MOVIE REVIEW- 28 days: Time flies when you're having popcorn

Special to THE HOOK

It took less than 28 days for Fox to start milking the cash cow they had in the sci-fi sleeper 28 Days Later by making fans buy another ticket to see an extra minute or so of footage that made the ending less upbeat.

With that mentality at work, it's amazing that the sequel didn't come out until 47 months later. Even more amazing, 28 Weeks Later is not bad. Spanish director Juan Carlos Fresnadillo (the overrated Intacto) takes over the reins from Danny Boyle. If he doesn't have a lot of new ideas, he recycles the old ones to good effect.

The "rage virus" of the 28 movies will have a high-tech makeover later this year in The Signal (August) and Cell (October). In the meantime, it's still transmitted the old-fashioned way, by people biting each other or otherwise exchanging body fluids (leaving an AIDS metaphor as a valid interpretation).

The screenplay by Fresnadillo, Rowan Joffe, E. L. Lavigne, and Jesus Olmo ignores a couple of points from the original, in which it was mentioned that the virus had already spread to New York and Paris while here it seems to have been contained in the U.K. Complacency is furthered because, it's said, the virus didn't go airborne or cross from one species to another. Excuse me? Didn't it start in simians in 28 Days Later?

The opening sequence reminds us how exciting the first film was. An ad hoc family of uninfected people is hunkered down in a country cottage, awaiting the next assault. "There are no survivors," one says. "It's just them out there and us in here." When the attack comes, the handheld camera and quick editing make us feel it and think we see a lot more violence than we do, an illusion furthered by beaucoup blood.

Faced with a male version of Sophie's Choice, to try to rescue his wife or just save his own ass, Don (Robert Carlyle) does the latter, leaving Alice (Catherine McCormack) to her probable doom. 

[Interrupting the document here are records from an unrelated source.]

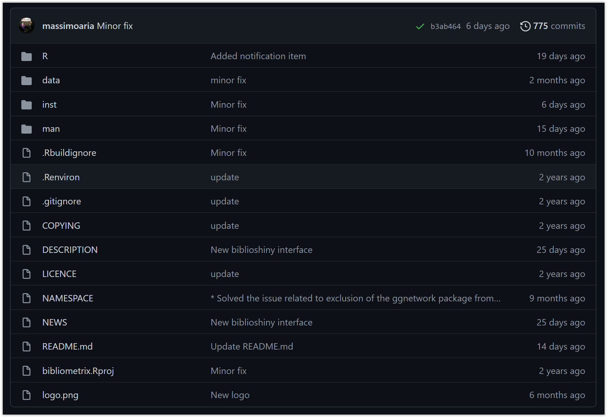 bibliometrix sources are published on the official "Comprehensive R Archive Network" (CRAN) and on GitHub, the world's leading software development platform.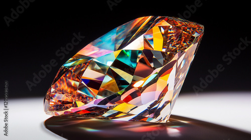 A minimalist image of a diamond placed on a neutral solid background. The facets of the diamond are crisp and highly detailed, reflecting light beautifully to showcase its brilliance and clarity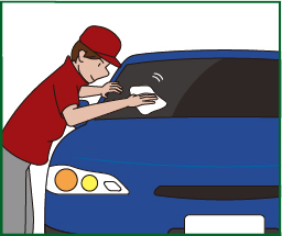 ガラスに付着している泥・汚れを洗いし(もしくは固く絞ったタオルで拭き)A付属の吸水タオルで水が残らないように拭き取る。
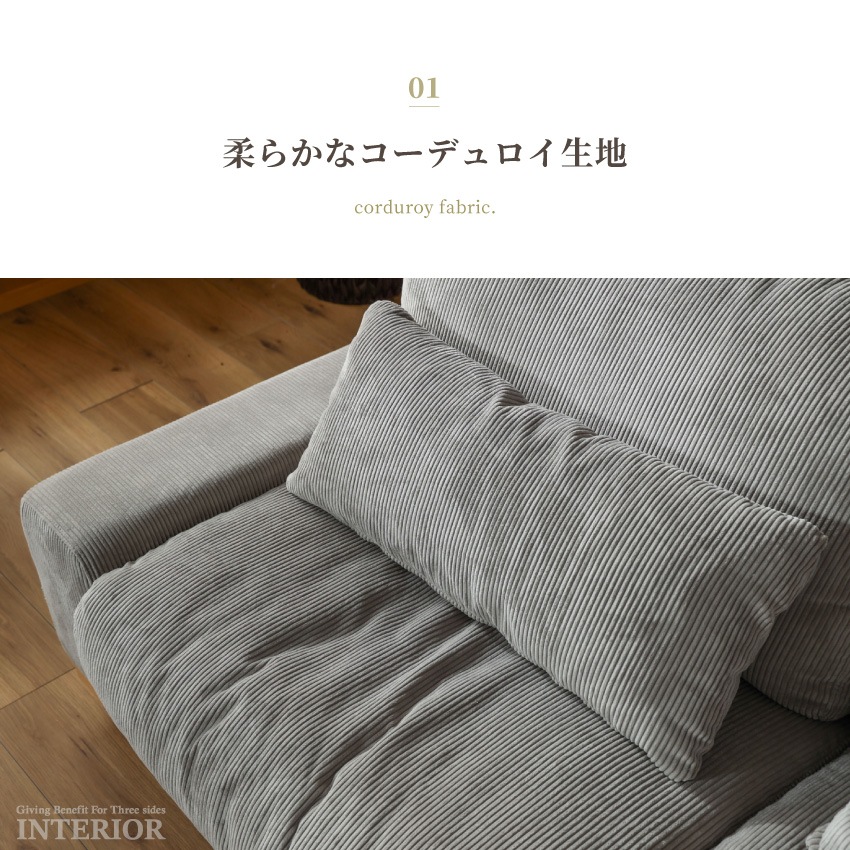 ソファ 3人掛け 1.5人掛け シェーズ 188cm 95cm 89cm コーデュロイ 高級 おすすめ 背もたれ可動式 リビング 北欧 人気 おしゃれ 奥行き調整可能 広い座面 ハイバック モダングランパ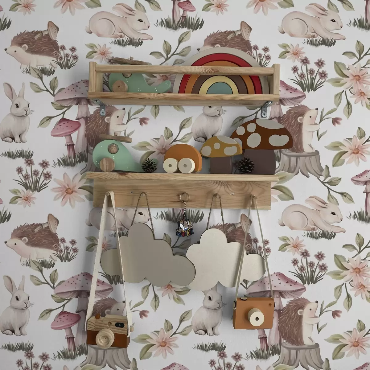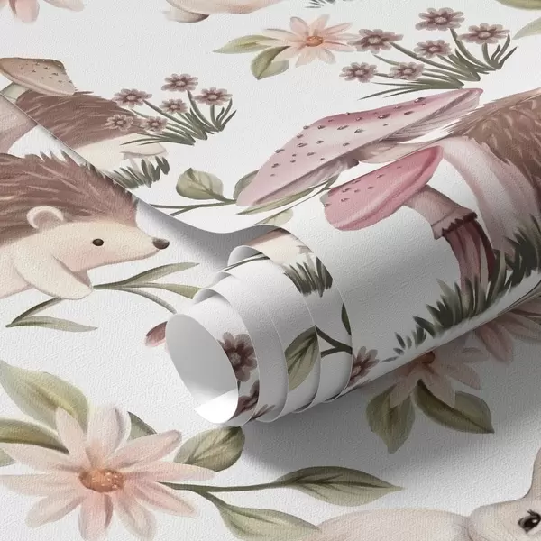 Tapet Igelkottar och kaniner på vit bakgrund med skira blommor och svampar Nr. a00111v2

Twenty-eight weeks later, the infected have died of starvation, and U.S.-led NATO troops are supervising the rebuilding and repopulating of London. Don is reunited with his children, Andy (Mackintosh Muggleton), 12, and Tammy (Imogen Poots), 17, who had been in a refugee camp in Spain.

Because things are too peaceful for a while– the bored military pass the time looking in people's windows– Don tells the children how their mother died, cueing a few flash cuts to the bloodshed of the opening. Andy and Tammy sneak back to their house in an area that's still under quarantine. There they make a discovery that soon gets the blood flowing again, with Don the new Patient Zero.

Once the virus starts to spread, it spreads quickly and can't be contained in "containment areas." Gen. Stone (Idris Elba) gives his snipers the order to shoot everyone in sight: "We have lost control." Unable to comply, Sgt. Doyle (Jeremy Renner) joins the fleeing masses on the ground. Soon he hooks up with Scarlet (Rose Byrne), the chief medical officer, who believes Andy and Tammy may hold the secret to a vaccine or cure and must be rescued at all costs.

Doyle is in radio contact with his buddy Flynn (Harold Perrineau), a helicopter pilot who discovers how hard it is to land a chopper in a herd of zombies.

Scenes of a deserted London are eerily effective again as 28 Weeks Later, like most sequels, builds on the strengths of its predecessor while trying to establish its own identity. There will be those who think it's already been trumped by Children of Men, but until these apocalyptic fables reach a critical mass like slasher films have, there will always be room for another good one.